For someone driving from the New England area to get to the Lake Chapala area, where would be the most logical border crossing area? And what would be the approximate drive time from this border crossing to Lake Chapala? Is it primarily highway driving?

Thanks,
AlanR
[email protected]


----------



## RVGRINGO (May 16, 2007)

We're northeasterners and the logical approach is to go to Houston, south on 59 and 77 to the border. You can cross at Matamoros, Nuevo Progresso, Pharr, Reynosa, etc. Your choice. From there, we head straight for Ciudad Victoria, spend the night, then continue to Chapala the next day.


----------



## conklinwh (Dec 19, 2009)

Since Ciudad Victoria only about 4 hours from the border, I suspect that you also have the option to continue on to San Luis Potosi which is 2-3 hours more and there are a lot of places to overnight with very easy highway access. I continue south on 57 but expect that you would go west from San Luis Potosi toward Aguascaliente and Lagos and then Guadalahara.
We do to our place in one day from the border but we are only 1-1.5hrs south of San Luis Potosi but expect Lake Chapala at least 3.5-4 hours from San Luis Potosi.


----------



## RVGRINGO (May 16, 2007)

Of course, San Luis Potosi is an option that we have used a couple of times, especially if it is Sunday and the usual band concerts are playing in the main plaza after dinner. However, it seems easier to bypass it on the periferico.

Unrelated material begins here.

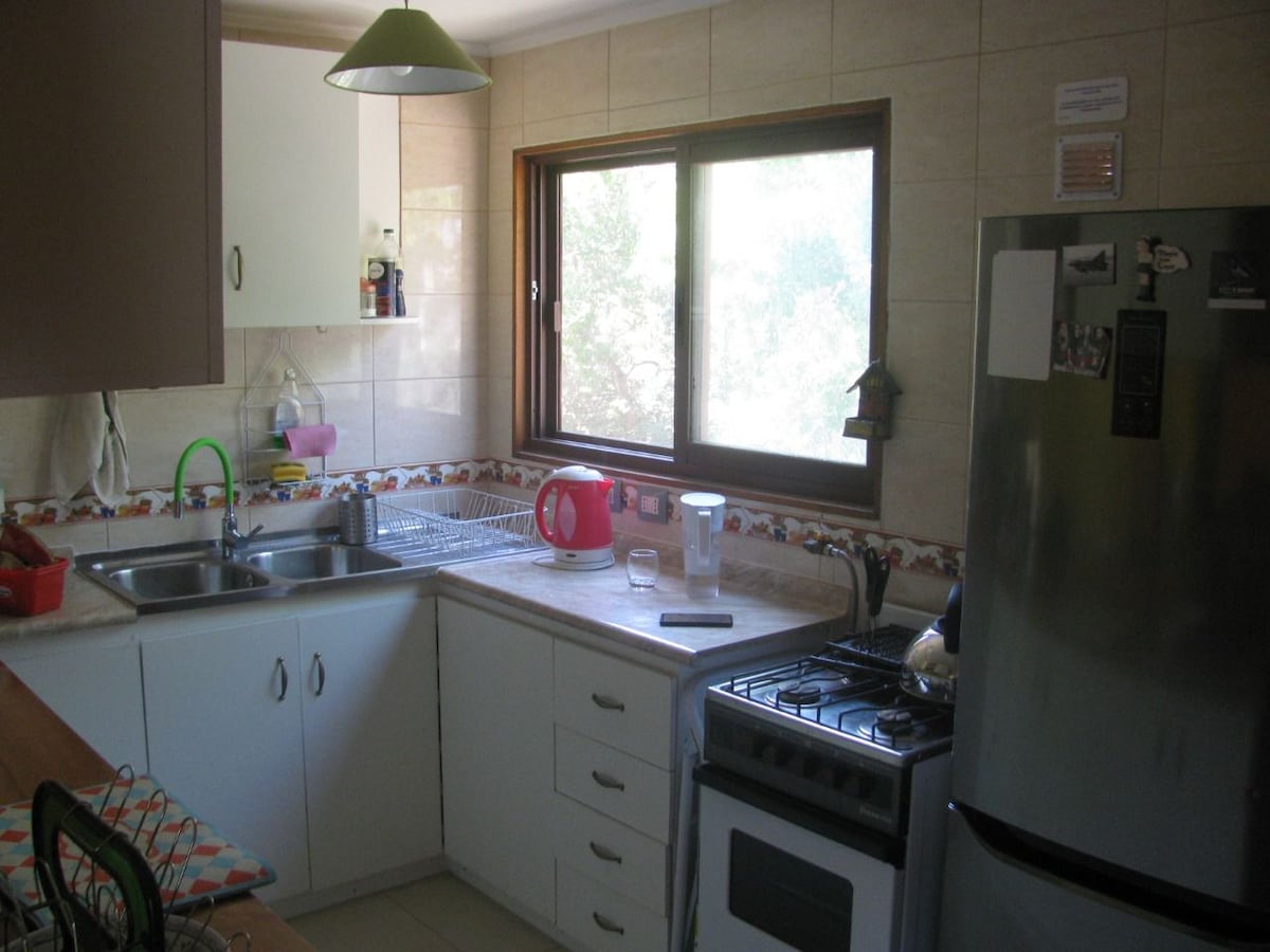 Excellent and quiet private house fully equipped with swimming pool and private hot tub in Olmué, on a plot of 2,000 square meters. We are between stop 33 and 34 of the Granizo sector, a few blocks from the main street in a family sector. 2 km from downtown. The house has 3 bedrooms, 1 double, 2 bedrooms with 2 beds, 1 bathroom and a fully equipped kitchen. We have a wood-burning fireplace-type heater in the living room and a roofed terrace in front of the pool. We are pet friendly!!
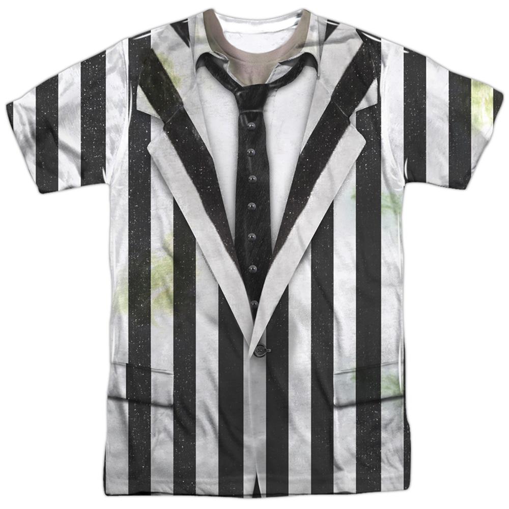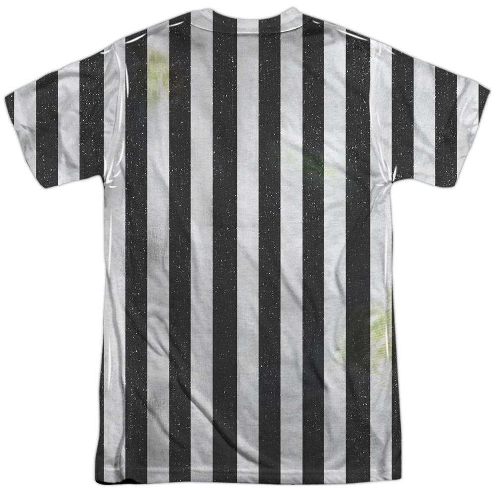 Be the ghost with the most, babe, with this sublimated t-shirt based on the bio-exorcist's iconic black and white striped suit. This t-shirt is hand-printed using a dye sublimation printing process that creates slight imperfections over seams and/or folds and are unique to and a part of each t-shirt. 100% polyester.

We also have some favorite restaurants in Nuevo Progresso, so we like to stop at one southbound for a long leisurely breakfast and at others on the way north for a similar long lunch. All of that makes Ciudad Victoria our preferred choice. North of the border, there is little of interest until we hit a crossroad on 77 in Refrugio, TX, where there is a great BBQ joint for lunch. Then, we spend the night just south of Houston, usually in Sugarland.


----------



## ReefHound (Aug 9, 2010)

conklinwh said:


> Since Ciudad Victoria only about 4 hours from the border, I suspect that you also have the option to continue on to San Luis Potosi which is 2-3 hours more and there are a lot of places to overnight with very easy highway access.


That's what I would do but gas up in Cd Victoria as there are few facilities on Via Corta and the Mx101/80 route over to Mx57. 

Actually, you won't go into Cd Victoria in that case but take the bypass around it, which is a shame because Cd Victoria is a nice place to visit. Around the centro anyway.


----------



## conklinwh (Dec 19, 2009)

I think a lot easier to get in/out of San Luis than Ciudad Victoria so I would do bypass around Ciudad Victoria and the libamiento through San Luis as a lot of hotels on the libramiento on the south side. One caution though, there is a small town on north side of San Luis near the airport exit where police make a habit of stopping tourists for traffic violations so as onerous as speed limits are for a divided highway, don't speed. Locals can & do but risky for tourists.
Comment on gas is good. Very little difference US & Mexico prices so I would gas up in say Harlingen and this plenty to get to Ciudad Victoria. Then easy to go to San Luis.


----------